Diese Skrupel kenne ich auch, wenn ich an meine Paprika denke. Da habe ich sie im Februar gesät und wochenlang betüddelt, um sie Mitte Mai ins Gewächshaus pflanzen zu können. Endlich erscheint neben den Blättern in der ersten Verzweigung die „Königsblüte“ sprich: das erste Fruchtversprechen. Überall kann man lesen und hören (auch von meiner inneren Stimme), dass es richtig und vernünftig ist, diese Blüte zu entfernen. Aber: Vielleicht ist es ja die einzige Blüte, die diese Paprika in diesem Jahr hervorbringt – und dann? Natürlich liegt die Blüte ein paar Augenblicke später auf dem Boden; die jahrelange Erfahrung lässt mir da keine Wahl. Diese Blüte wächst nun mal an der entscheidenden untersten Gabelung der Pflanze. Sämtliche Nährstoffe, die das Wachstum darüber benötigt, müssen hier vorbei. Wenn die Blüte sich an dieser Stelle in eine werdende Frucht verwandelt, holt sie sich alles aus diesen Leitungsbahnen, was sie für ihren Reifeprozess braucht und das fehlt dann bei der oberen Fruchtbildung. Oftmals stößt die Paprika sogar Blüten ab, da wegen der unteren Frucht nicht genügend Nährstoffe zur Bildung der oberen Früchte vorhanden sind.
Das ist aber lediglich ein Argument zur Entfernung dieses „Königs“. Ein weiterer Grund ergibt sich Wochen später. Die junge Frucht bleibt ja nicht klein, sondern wird immer umfangreicher.

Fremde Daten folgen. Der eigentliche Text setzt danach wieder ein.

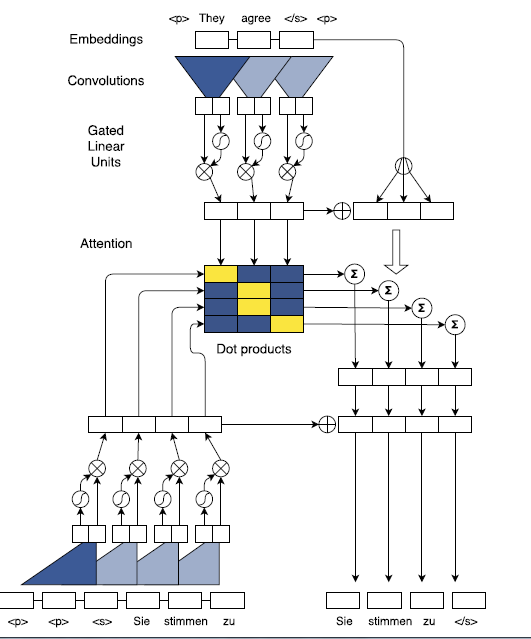 图1. 训练过程中的 batching 示图。我们对英语源语句进行了编码(顶部),并同时计算了四个德语目标单词(中部)的所有Attention值。我们的Attention正是解码器上下文标准(底部左侧)和编码器表征之间的点积。我们将Attention(中部右侧)计算的条件输入加到解码器状态中,预测目标单词(底部右侧)。S形框和乘法运算框表示的是门控线性单元。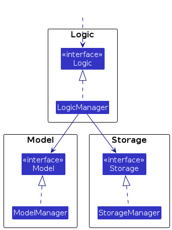interface with the same name as the Component.{Component Name}Manager classFor example, the Logic component defines its API in the Logic.java interface and implements its functionality using the LogicManager.java class which follows the Logic interface. Other components interact with a given component through its interface rather than the concrete class, as illustrated below.

Die Stängel der Verzweigung wirken nun wie ein Sperrgitter, wenn darin die Paprikafrucht langsam an Umfang gewinnt; sie behindern das freie Wachstum und die Frucht wird arg eingequetscht. Dadurch wird die Paprika völlig unförmig; in einigen Fällen kann das sogar dazu führen, dass die Wuchskraft einen Teil der Verzweigung absprengt – insbesondere bei den blockigen Paprika; die Spitzpaprika dagegen wachsen weniger in die Breite, sondern eher in die Länge, wodurch sie „wendiger“ sind. Deshalb bietet sich bei den Blockpaprika an, dass nicht nur die erste, sondern auch die zweite Ebene der Blüten entfernt wird, um damit Platz für die oftmals riesigen Früchte zu schaffen. Entgegen der ersten Gefühle dabei, wird durch diese Maßnahme der Ertrag nicht vermindert, sondern sogar erhöht, da mehr Früchte die Gelegenheit bekommen, rasch auszureifen. Wichtig sind auch Stützhilfen (z.B. durch Anbinden), die das Auseinanderbrechen der Pflanze verhindern.

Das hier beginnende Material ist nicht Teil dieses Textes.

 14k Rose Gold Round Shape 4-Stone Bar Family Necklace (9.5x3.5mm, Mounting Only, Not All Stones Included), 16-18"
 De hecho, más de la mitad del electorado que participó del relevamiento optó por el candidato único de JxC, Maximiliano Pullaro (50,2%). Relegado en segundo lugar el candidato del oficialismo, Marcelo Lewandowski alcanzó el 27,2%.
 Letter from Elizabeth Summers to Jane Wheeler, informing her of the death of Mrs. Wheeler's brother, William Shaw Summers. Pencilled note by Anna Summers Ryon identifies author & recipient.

Als ich in diesem Jahr solch eine eingezwängte Paprika erntete, durfte Gewalt keine Lösung sein – wie schnell hätte ein Zweig beschädigt oder gar abgebrochen werden können! Stück für Stück musste ich sie vorsichtig zerschneiden und herauspuhlen – und das war noch nicht einmal das Ergebnis der „Königsblüte“. All das hätte ich vermeiden können, wenn ich bei der Entfernung der Blüten noch hartherziger gewesen wäre. Aber wer ist schon gerne hartherzig – und dann auch noch als erstes gegen einen König?